We found the key to "leave it" is to reward at first with a treats that are much tastier/smellier than the items the dog is "leaving". Once we had that established, Riley decided that whatever we had to give her was always better than what we were telling her to leave. Now, we don't have to give her something better because it's all in her mind.


----------



## laurita (Jun 12, 2011)

thank you threefsh! I suspected it just required working at it!

have you had success with rewarding with the same treat that you're asking the dog to leave? For instance, issuing a leave it command to leave cat food in a bowl and then treating with cat food that's in your pocket? I don't know if that's counterproductive or if it could teach the dog that good things come from you and are not to be taken from the floor...


----------



## redbirddog (Apr 23, 2010)

Laurita,

Somewhere I came across that liver was the ultimate dog treat. So I cooked some up (I HATE LIVER) and cut it into small squares. This is what I used when the dogs were young to treat for *high-value * lessions. They loved it and would do whatever I asked. Even if they didn't understand what I wanted they would do SOMETHING that might get one of these treats.

Liver squares trump cat food.

The squares can be 1/4 inch cubed. It is the flavor not the quantity. Normally give just one per command accomplished. But out of no where, when they do something well, blitz with five or six in a row. I always use "good boy or good girl" with every treat given. 

You will be the giver of "nectar of the gods." YUCK. Don't get it, but then again, I'm not a dog.

My .02

RBD


----------



## Coco (Jul 27, 2011)

Most difficult task .... recall while she is playing with other dogs, especially Vs or other high energy dogs. 

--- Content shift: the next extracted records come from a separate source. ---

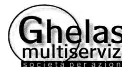
Report mese di maggio 2020
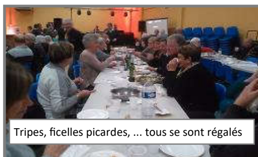
Tripes, ficelles picardes, ... tous se sont régalés

Un grand merci aux bénévoles et participants à ce téléthon 2017
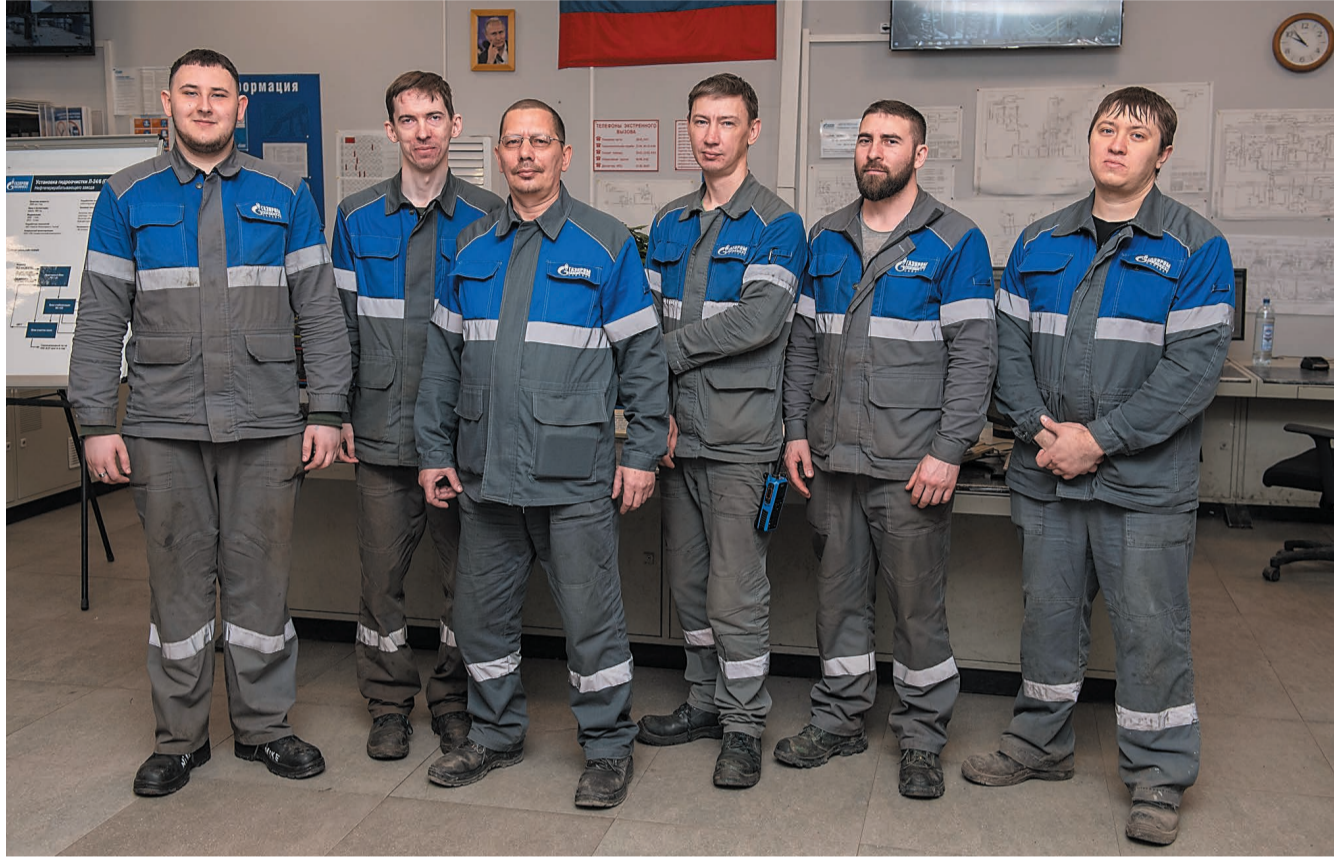
На смене – бригада № 3 установки ГО-2

Уже более полувека установка ГО-2 нефтеперерабатывающего завода сохраняет статус одной из важнейших в Обществе, являясь его основной дизельной мощностью. Сегодняшний коллектив установки старается держать марку и относится к своим профессиональным обязанностям с интересом и самоотдачей.
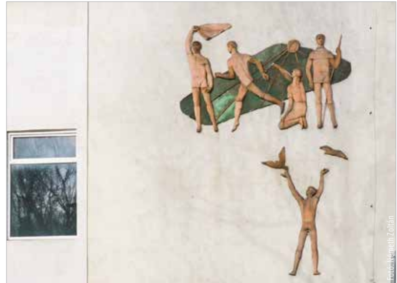
Lesenyei Márta Tornászok című domborműve a Deák és a Martinovics utca sarkán látható
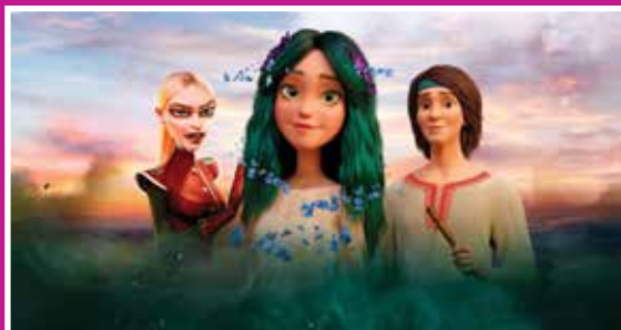
מאווקה נסיכת היער החל מ-25.1 בכל יום (דיבוב עברי)
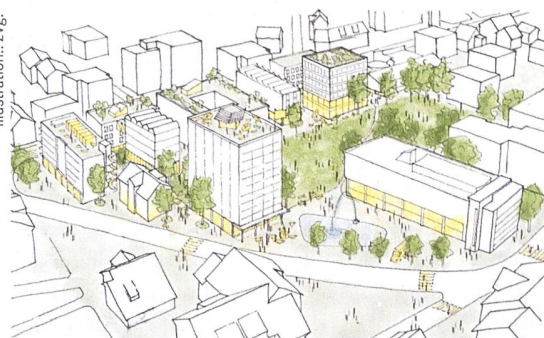
Ideenskizze zur Neugestaltung des Leepünt-Areals mit verdichteten Wohnbauten im südlichen und einem Park im nördlichen Teil.

Lägern Wohnen, Baden / Schönheim, Zürich / Gesewo, Winterthur / Brunnenhof, Zürich / BGZ, Zürich
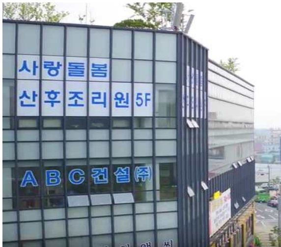
그림 2. 무인항공기를 활용한 건물 내외부 촬영[10]

무인항공기 카메라로 촬영된 영상은 현장→카메라→디지털 저장장치→인터넷망→서버→인터넷망→PC로 전송될 수 있다. 이에 1차적으로 개인영상정보를 습득한 이후 신속하게 저장 가능한 것이 특징이다. 나아가 무인항공기 카메라는 원격통신체계 (telecommunications system)를 기반으로 하여 기기와 기기 사이의 네트워크가 연결되기 때문에 쉽사리 정보가 이전될 수 있고, 소프트웨어에 따라 촬영된 인물이나 물체를 자동적으로 분석할 수도 있다.[7] 아래 그림 2에서 사전에 허가 받지 않는 무인항공기를 활용한 건물 내외부 촬영으로 사람의 움직임 및 상호, 위치정보 등 개인정보를 유추 할 수 있는 사례를 보여 주고 있다.
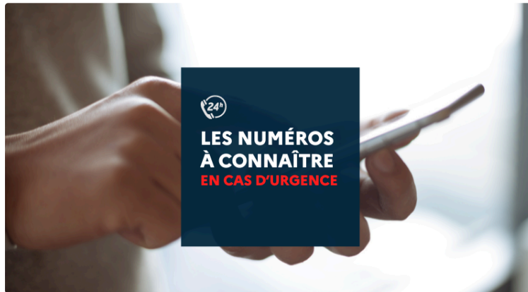
Des numéros à connaître pour bien réagir en cas d'urgence

La CPTS (Communauté Professionnelle Territoriale de Santé) Gascogne Armagnac communique :
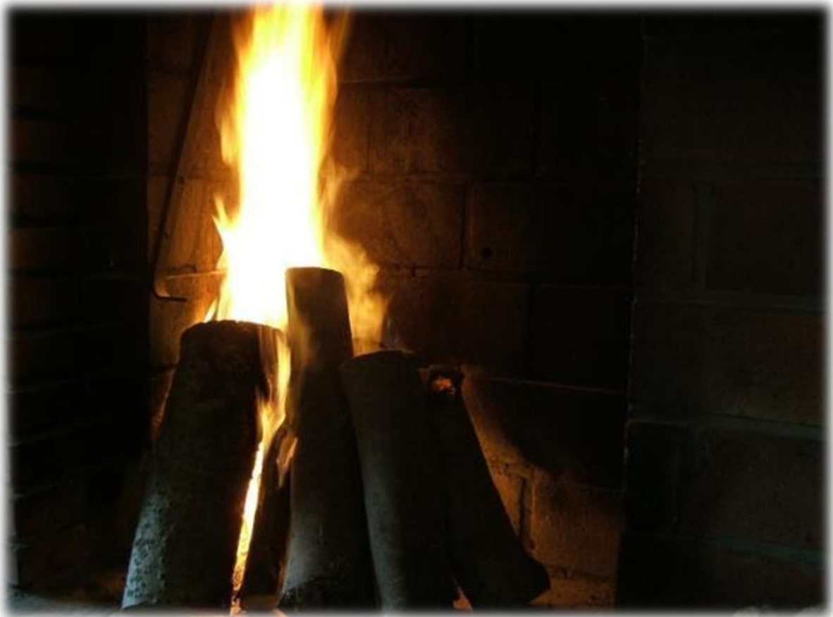
Op het ogenblik dat we in de cafetaria van de camping komen zijn we de enige gasten. Staf, alias “de pyromaan” steekt meteen de open haard aan.
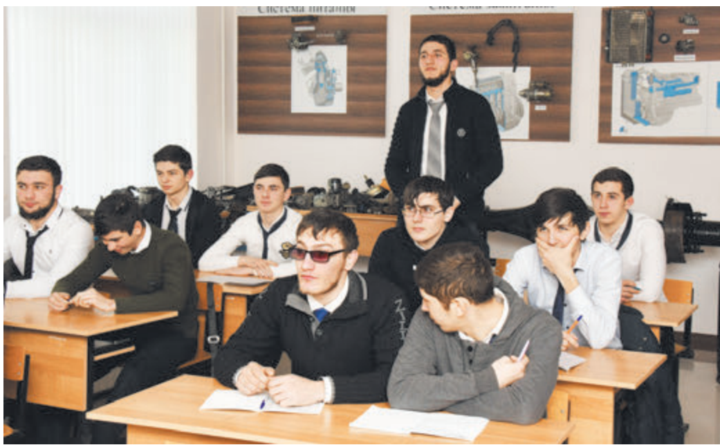
Каждый второй выпускник техникума поступает в вуз

В первую очередь мы нацелены на то, чтобы предугадать потребности рынка, - поясняет она. - Ориентируемся на наши условия, идем в ногу со временем. Обязательно нужно уметь думать на перспективу. Например, республика интенсивно развивается, становится все более благоприятной обстановкой для развития туризма. Значит, нужно заниматься подготовкой кадров для этой отрасли. У нас ведь очень красивая природа, богатый национальный колорит. Активно развиваются информационные системы, и
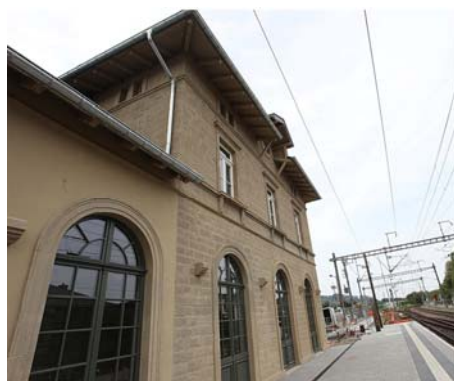
Gare de Noertzange

Gare de Noertzange : achèvement des travaux de restauration et de réaménagement en logements pour étudiants.
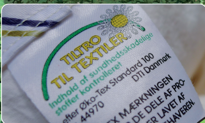
Miljøcertifikater sikrer et mere miljøvenligt valg.
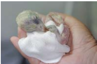
גוזל נשר לאחר בקיעה במדגרה, בסיוע המטפל

בעבר היו אוכלי הנבלות ניזונים מחיות בר וחיות משק שגודלו בארצנו. לפיכך רשות הטבע והגנים משתפת פעולה עם מגדלים שתורמים לתחנת ההאכלה פגרים של חיות משק, ומסייעים בכך לקיומה של קהילת נשרים משגשגת בכרמל.
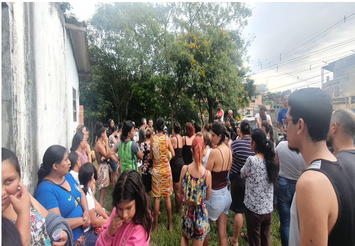
Foto reunião 26/02 Jardim Maria Rosa
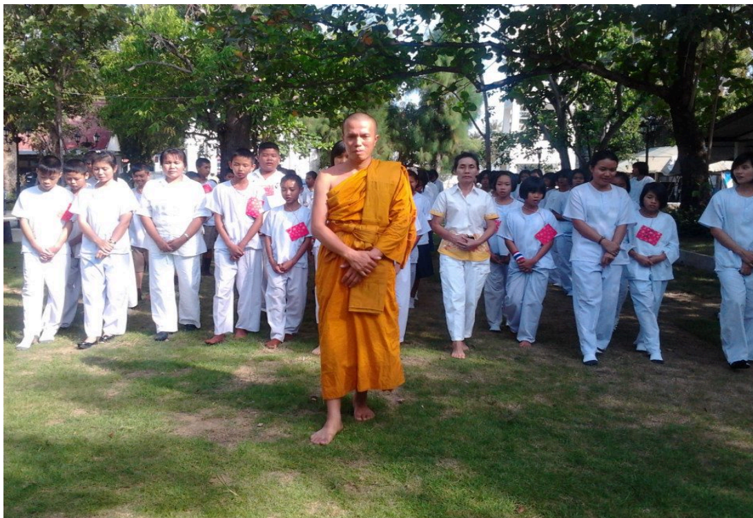
ภาพ ๑.๑ โครงการต้นกล้าคุณธรรม ณ วัดเขื่องกลาง อ.เขื่องใน จ.อุบลราชธานี
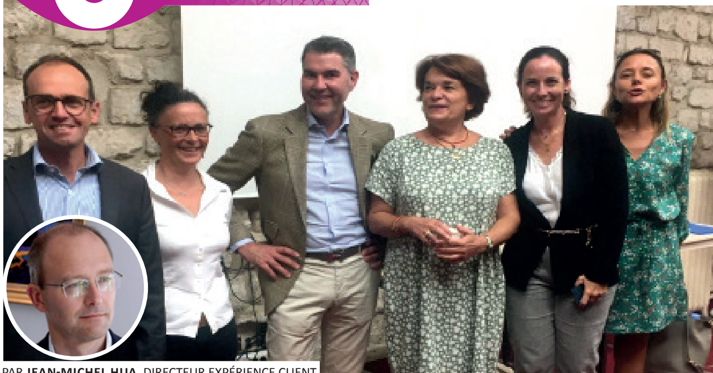
PAR JEAN-MICHEL HUA, DIRECTEUR EXPÉRIENCE CLIENT
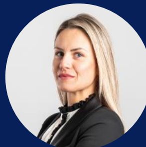
Adaleta Merkez Projektleitung TeamWork

“Das Projekt war eine echte Herausforderung! Wir haben es aber gemeinsam geschafft, eine moderne und attraktive Lösung umzusetzen. Unsere Ansprechpersonen bei der Berner Fachhochschule sind sehr gute Ideengeber und haben massgeblich dazu beigetragen, eine nachhaltige Lösung zu entwickeln, welche das tägliche Geschäft in hohem Masse erleichtert.“
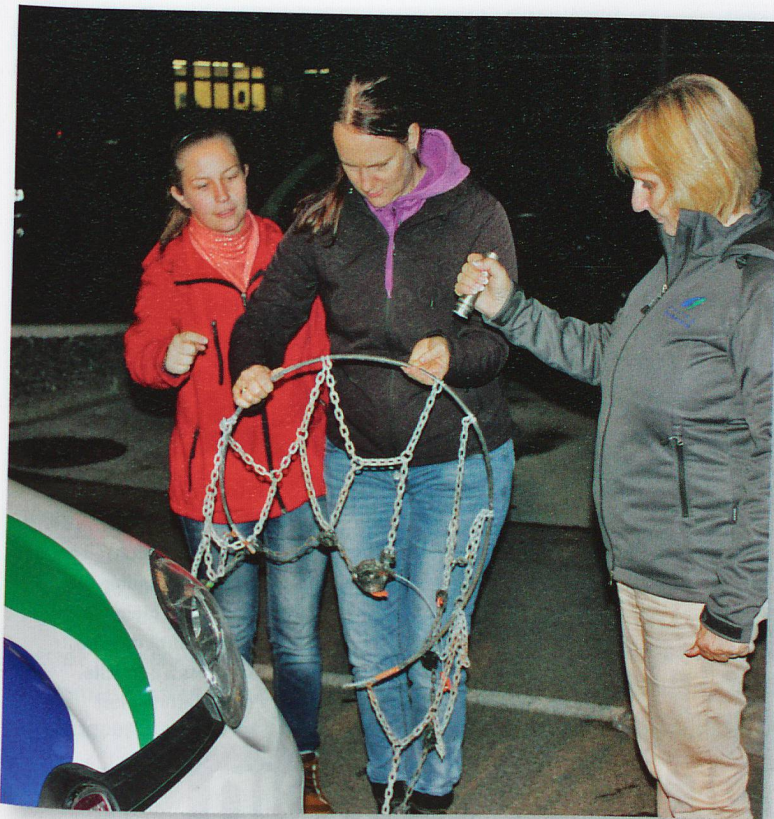
La pose des chaînes à neige figure au cours.
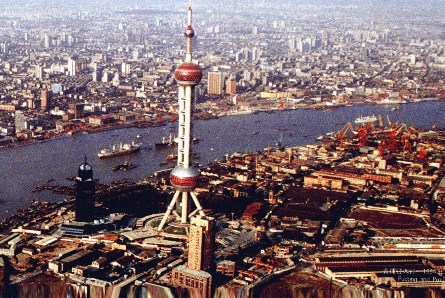
黄浦江两岸 1994年 Pudong and Puxi
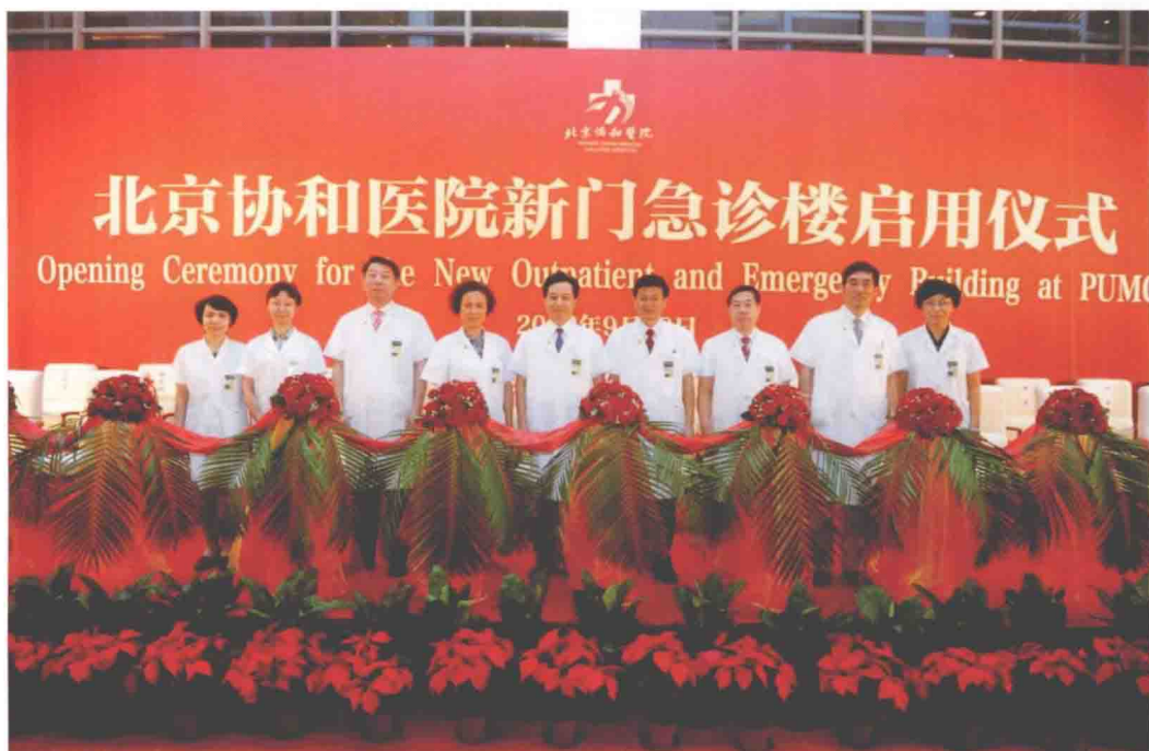
2012年9月28日，北京协和医院新门急诊楼启用仪式（北区新门诊楼）
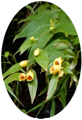
キイジョウウロウホトトギス
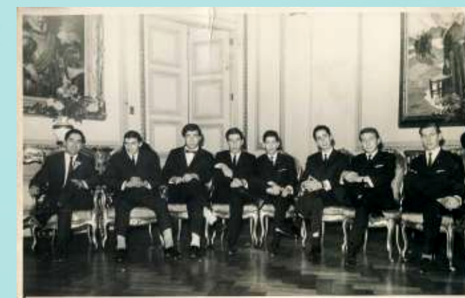
Baile de Recepción de Mechones de Administración Pública, 20 de mayo de 1965.

En el año 2026, la Escuela cumple 72 años de historia, reafirmando una trayectoria marcada por el carácter pionero en la formación de profesionales del Estado y un compromiso permanente con la excelencia académica y el fortalecimiento de la democracia.
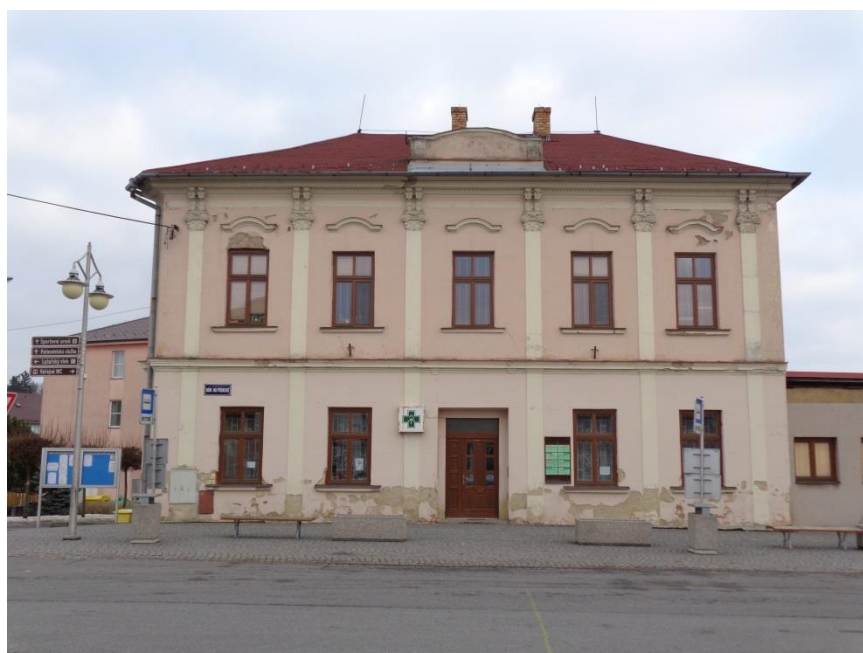
Příloha č. 24: Hejtmánkova opatrovna, současné zdravotní středisko
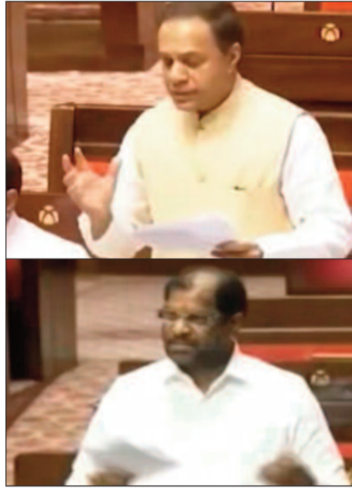
ఇప్పటికైనా విభజన చట్టం ప్రకారం హామీలు అమలు చేయాలని రాజ్యసభ సాక్షిగా ఎంపీలు డిమాండ్ చేశారు.

కాశీశ్వరం అంటే కేవలం ఒక డ్యాం కాదని.. అది కోట్ల మంది ఆశ అని ఎంపీ పేర్కొన్నారు. కేంద్ర మంత్రి సీఆర్ పాటిల్ లక్ష కోట్ల పోయాయని చేసిన వ్యాఖ్యలపై ఆగ్రహం వ్యక్తం చేస్తూ.. ఆయన తెలంగాణ ప్రజలకు క్షమాపణ చెప్పాలని డిమాండ్ చేశారు. ఆ వ్యాఖ్యలను వెంటనే రికార్డుల నుంచి తొలగించాలన్నారు. కాశీశ్వరంలో కూలిన రెండు పిల్లలను 300 కోట్లతో భాగ చేయవచ్చని తెలిపారు. గత 12 ఏళ్లుగా తెలంగాణకు కేంద్రం ఎలాంటి సహాయం చేయకపోయినా రాష్ట్రం అభివృద్ధి చెందుతోందని..
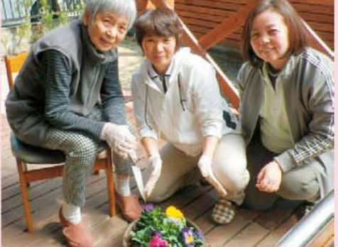
↑色々な花をガーデニング
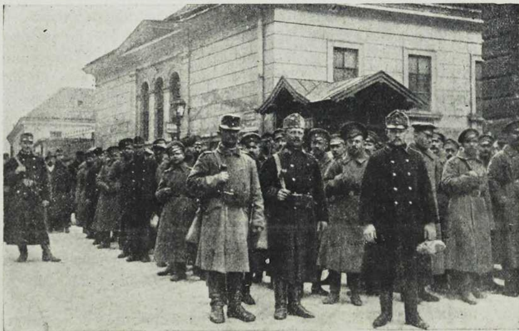
Руски заробљеници у Будапешти.

Ови 1000 милијона круна у злату тешки су 3360 метерцентри.
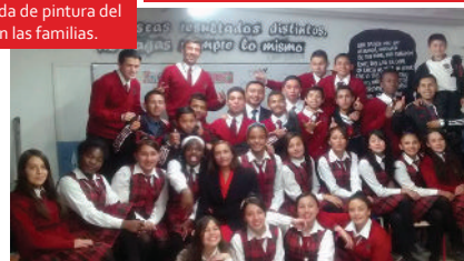
Adecuando el aula con frases inspiradoras.

En 2017 el proyecto amplió el Club de astronomía, pasó de adelantarse solo en algunos cursos a ser una apuesta institucional en la que participan
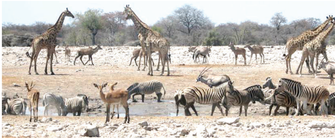
Wanyama wakiwa katika mandhari ya porini, ambako wako chini ya uangalizi wa TAWA.

Must say that trainer her to get a beer from the fridge would be good, however I would love for her to learn how to vacuum or make dinner ;D


----------



## threefsh (Apr 25, 2011)

laurita said:


> have you had success with rewarding with the same treat that you're asking the dog to leave? For instance, issuing a leave it command to leave cat food in a bowl and then treating with cat food that's in your pocket? I don't know if that's counterproductive or if it could teach the dog that good things come from you and are not to be taken from the floor...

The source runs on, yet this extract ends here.